[Start of Attachment]

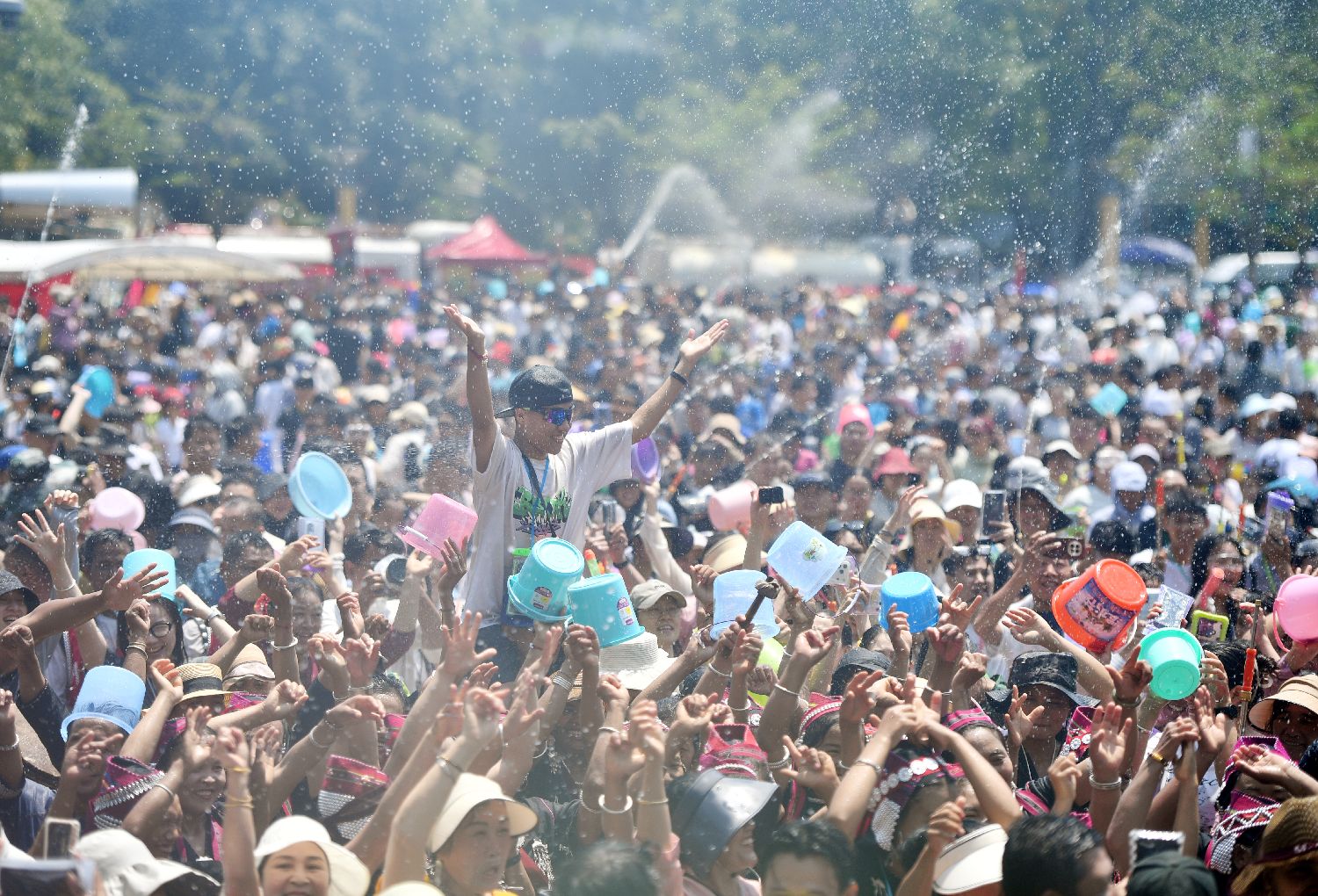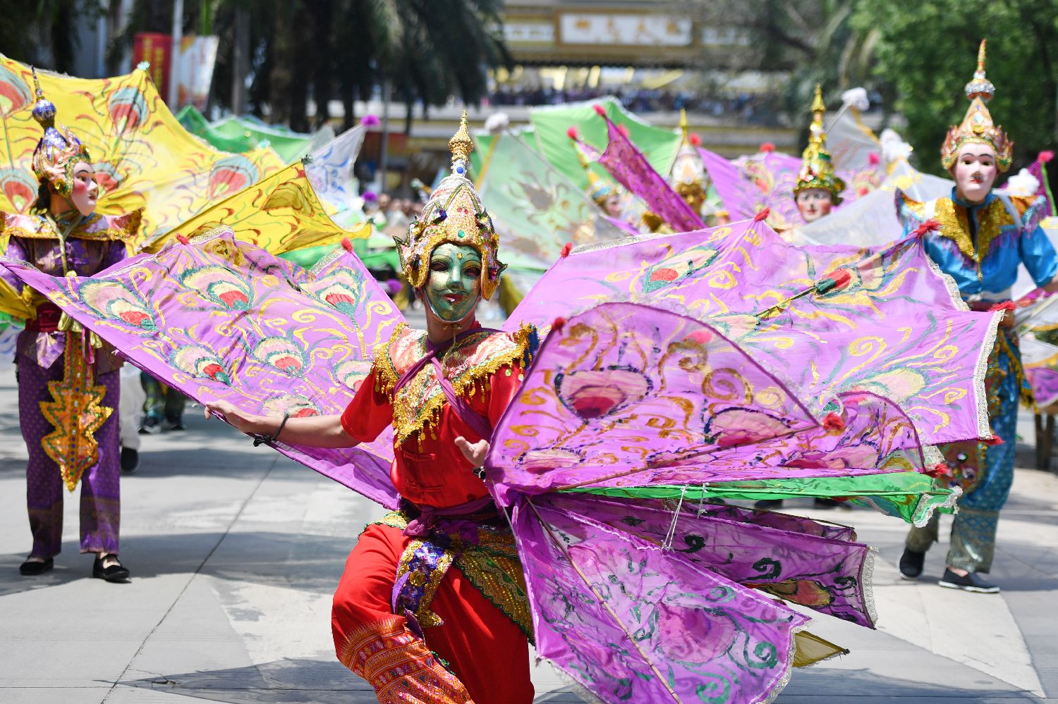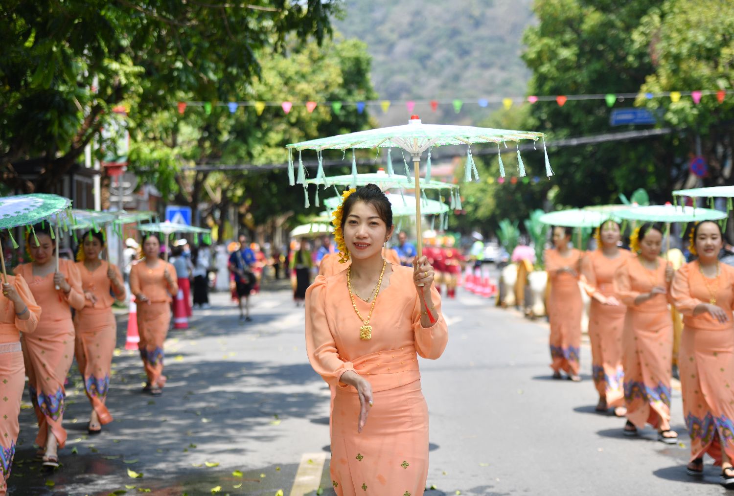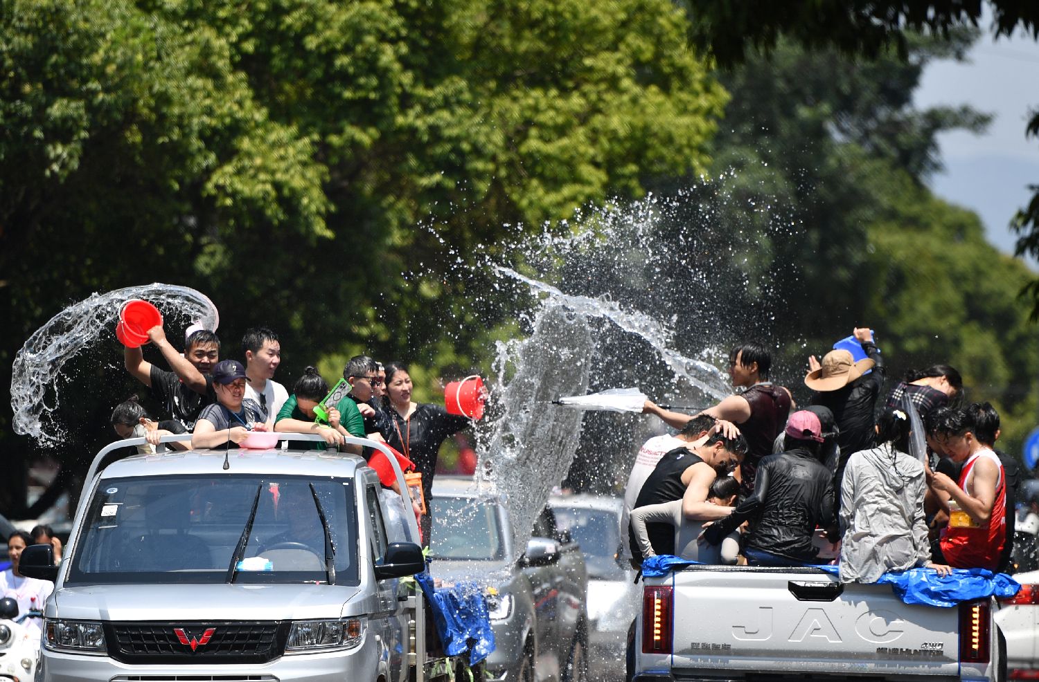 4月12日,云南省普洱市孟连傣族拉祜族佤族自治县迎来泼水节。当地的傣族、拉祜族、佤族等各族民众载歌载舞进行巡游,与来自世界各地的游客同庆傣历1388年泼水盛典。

[End of Attachment]
[Start of Attachment]

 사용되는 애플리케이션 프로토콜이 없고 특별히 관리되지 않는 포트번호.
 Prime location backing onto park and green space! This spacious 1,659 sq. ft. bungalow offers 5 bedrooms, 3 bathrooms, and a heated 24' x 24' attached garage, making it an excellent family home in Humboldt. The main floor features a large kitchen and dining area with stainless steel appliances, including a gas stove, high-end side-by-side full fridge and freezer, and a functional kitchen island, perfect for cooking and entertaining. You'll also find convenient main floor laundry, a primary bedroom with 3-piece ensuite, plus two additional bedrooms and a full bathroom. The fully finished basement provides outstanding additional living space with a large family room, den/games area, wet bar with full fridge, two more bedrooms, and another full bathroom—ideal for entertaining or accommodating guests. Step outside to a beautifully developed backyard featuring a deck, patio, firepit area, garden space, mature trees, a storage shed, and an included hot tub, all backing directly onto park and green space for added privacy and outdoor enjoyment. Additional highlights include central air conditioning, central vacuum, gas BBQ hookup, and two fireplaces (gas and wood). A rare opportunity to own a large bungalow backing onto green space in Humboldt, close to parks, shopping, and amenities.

[End of Attachment]
[Start of Attachment]

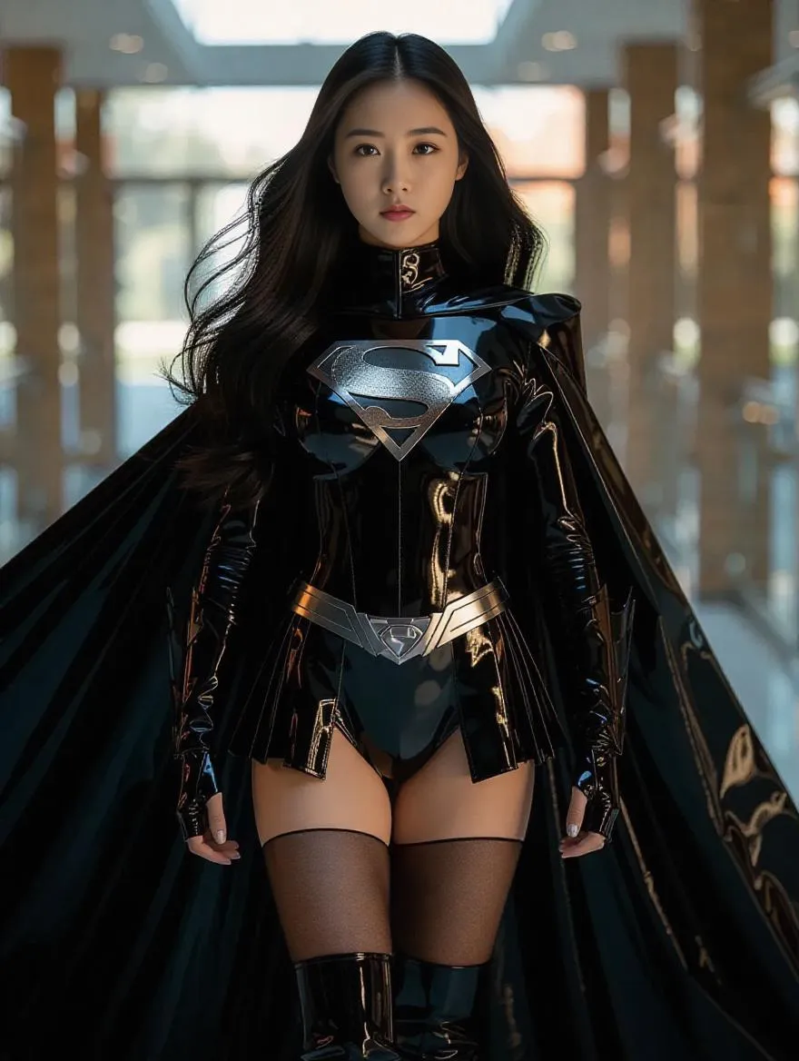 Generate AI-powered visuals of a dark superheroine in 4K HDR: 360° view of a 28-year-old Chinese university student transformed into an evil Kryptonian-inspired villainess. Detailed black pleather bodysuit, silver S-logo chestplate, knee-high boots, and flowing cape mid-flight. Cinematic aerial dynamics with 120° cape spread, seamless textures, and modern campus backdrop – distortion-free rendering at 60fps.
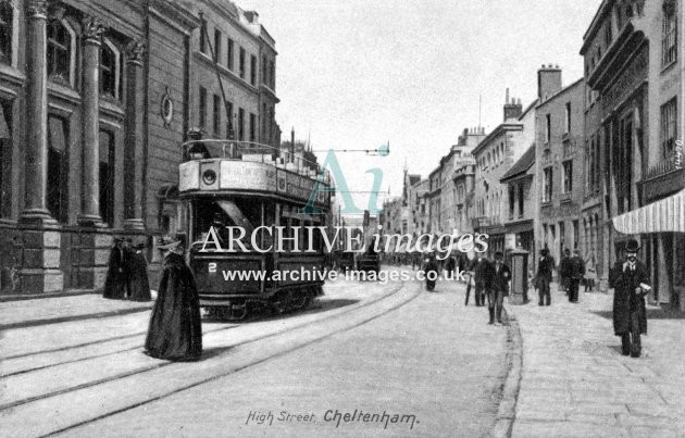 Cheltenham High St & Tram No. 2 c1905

[End of Attachment]

Please copy out from the data above, without any picture, exactly the lines running from the one that holds "Generate AI-powered visuals" through the one that holds "Cheltenham High St & Tram No. 2 c1905", and nothing beyond them.

 Generate AI-powered visuals of a dark superheroine in 4K HDR: 360° view of a 28-year-old Chinese university student transformed into an evil Kryptonian-inspired villainess. Detailed black pleather bodysuit, silver S-logo chestplate, knee-high boots, and flowing cape mid-flight. Cinematic aerial dynamics with 120° cape spread, seamless textures, and modern campus backdrop – distortion-free rendering at 60fps.
 Cheltenham High St & Tram No. 2 c1905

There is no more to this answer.